# What the exercise asks
Copy each line of the data below in which the word "such" can be found.

# Provided records

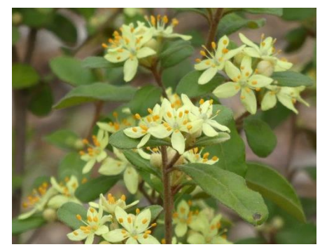
Asterolasia asteriscophora "Lemon Essence"
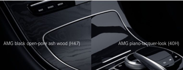
AMG black open-pore ash wood (H47)
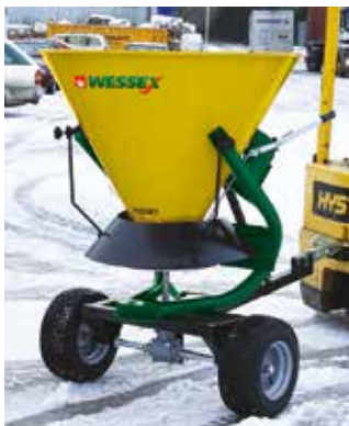
MODEL SHOWN FS-270-TP-WK
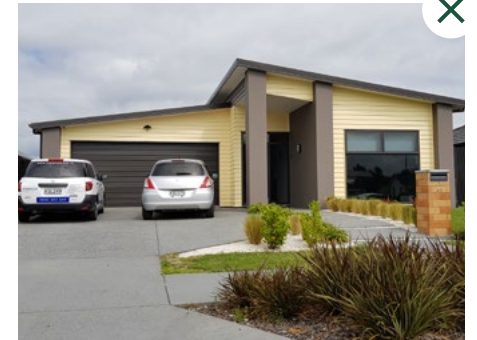
Pastel tints such as this yellow are not encouraged.
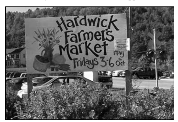
Permanent sign at the Hardwick Farmers Market

Permanent signs at the market's location are even more effective. Some markets use banners hung across streets or on lampposts as
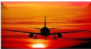
Travel Supply Chain
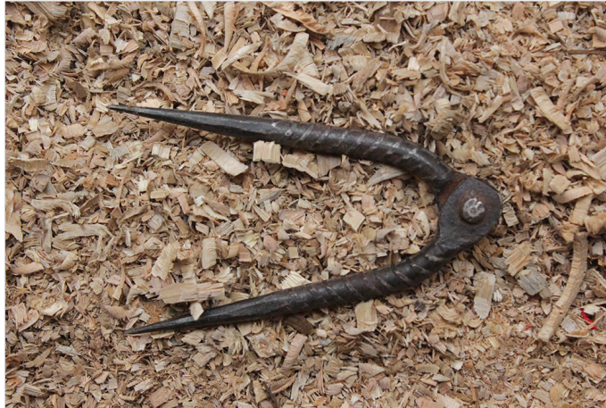
Compass is used for measurement.
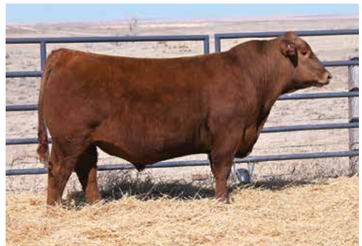
SMOKY Y JAX G622 - Maternal Brother to Lot 10

This age advantage son of Return Policy is big topped, thick ended, and offers a 15+ inch REA to compliment his performance data. The dam of 176H is a productive daughter of Red Windy Hill Zeppelin 1240, that also raised Smoky Y Jax G622.
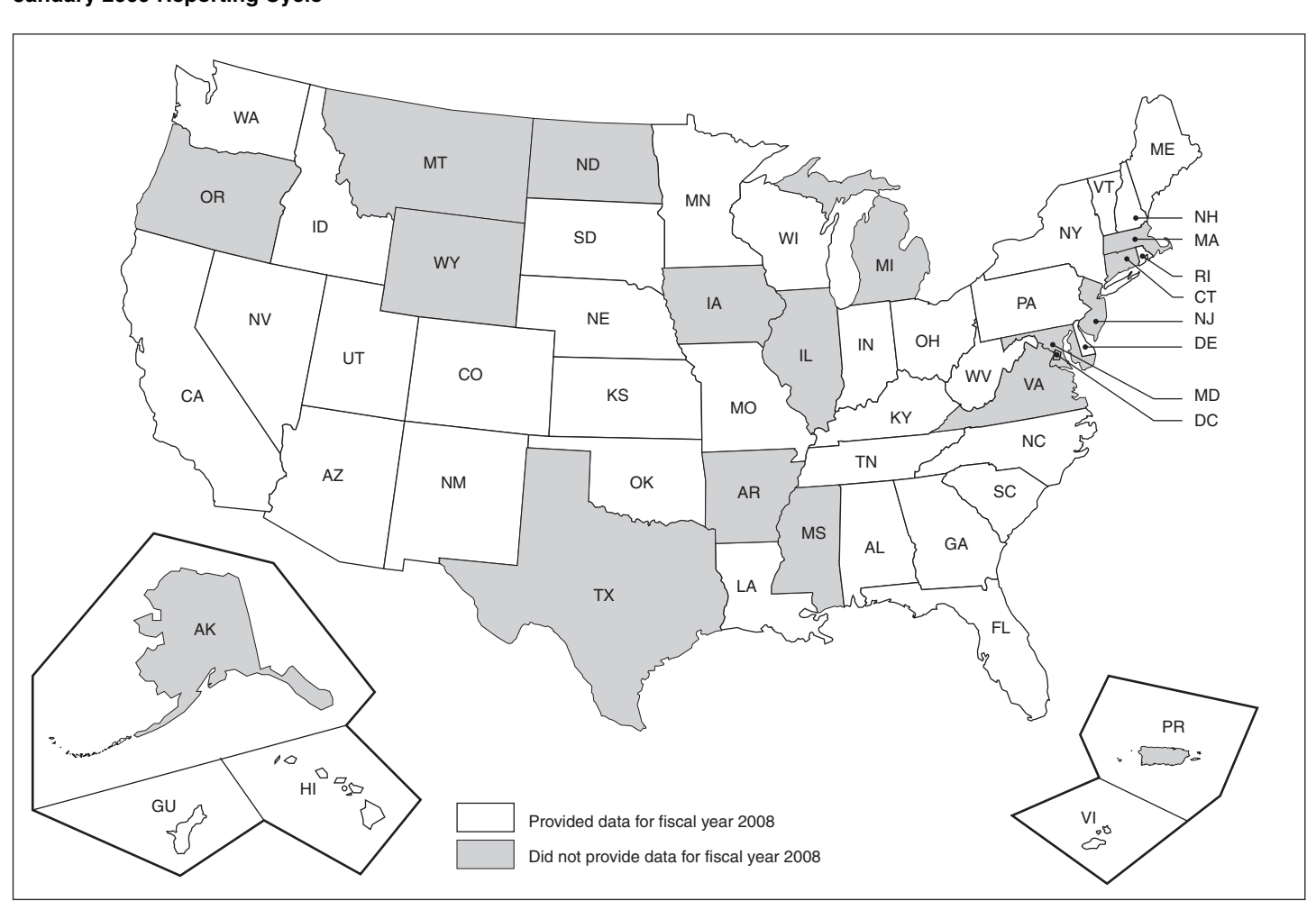
Figure 5: Army National Guard States and Territories Reporting Recruiter Irregularity Data for Fiscal Year 2008 during the January 2009 Reporting Cycle
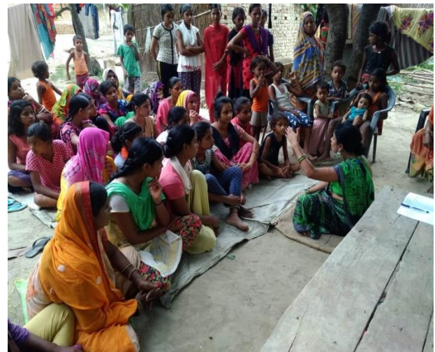
[ANM Counseling Mothers and Adolescents on Healthcare & Hygiene]
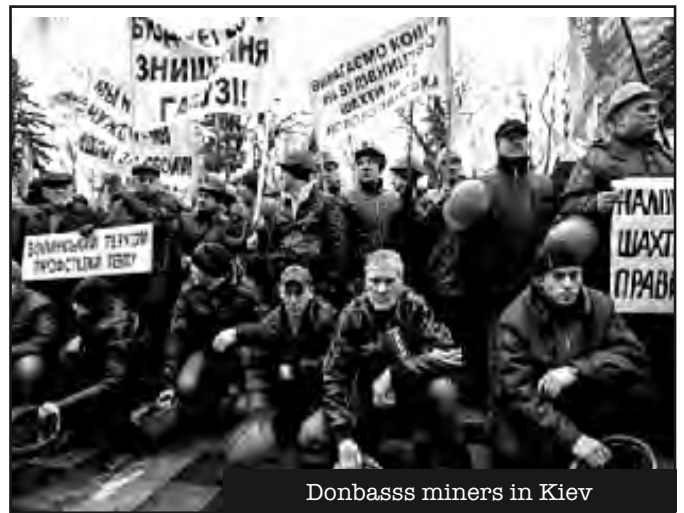
Donbass miners in Kiev

Crimea is also Ukrainian! Obama and NATO handed it over to Putin, such as to please and reward him for acting as policeman of the revolutionary uprising of the masses in Ukraine and all oppressed peoples of the East!
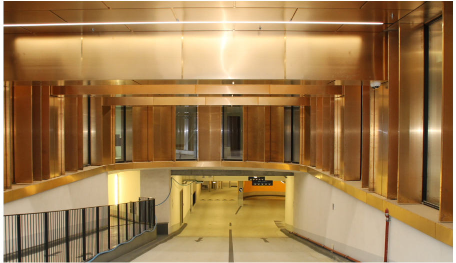
Five storeys of a safe underground car park
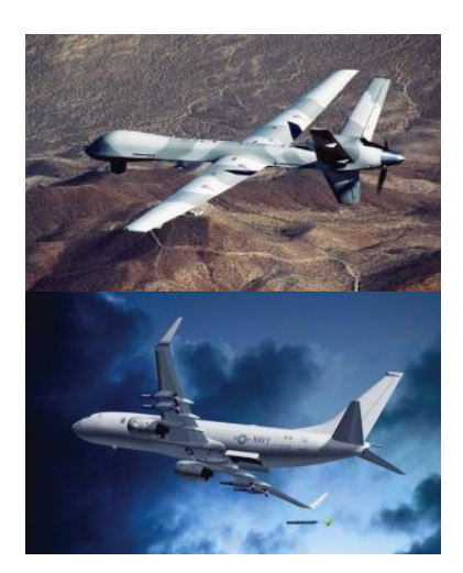
Pneumatic power modules for the Predator/Reaper and P8 Poseidon
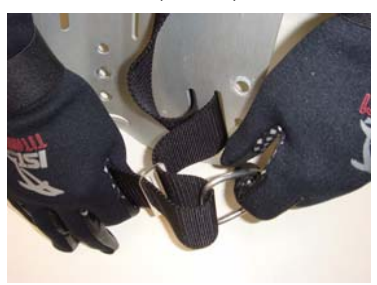
Pic. 14. (front)

Thread a webbings through an opening of a WK-4 webbing keeper, then a DR-2 flat D-ring and 7) finally back through the webbing slide's vacant opening in the opposite direction (Pic. 14). Repeat the same procedure with the other end of the webbing to complete the installation of the basic harness (Pic. 15).
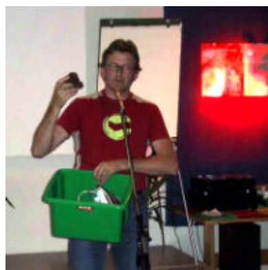
FIGURE 6. VIAFANTASIA Ltd. PERFORMING “IDEA SWARMING”

The project has shown that entrepreneurship programs out in the schools as a part of the ordinary teaching is necessary to create a new generation of entrepreneurs, and that “idea swarming” is popular among the pupils.
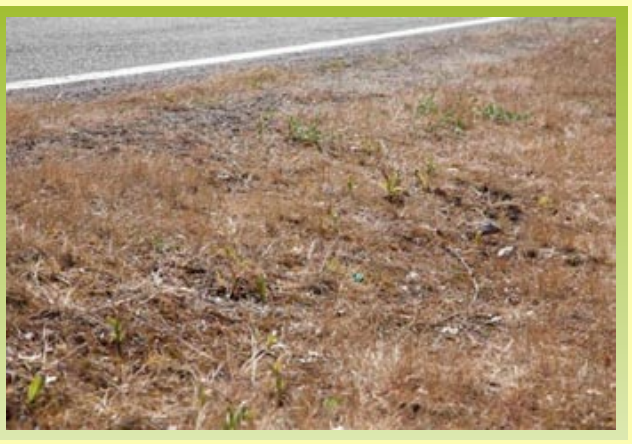
Fig. 10: Orchid rich road-boarder damaged by the use of herbicides. Italy, Sardinia, 2012.

# Written answer
Pastel tints such as this yellow are not encouraged.
Crimea is also Ukrainian! Obama and NATO handed it over to Putin, such as to please and reward him for acting as policeman of the revolutionary uprising of the masses in Ukraine and all oppressed peoples of the East!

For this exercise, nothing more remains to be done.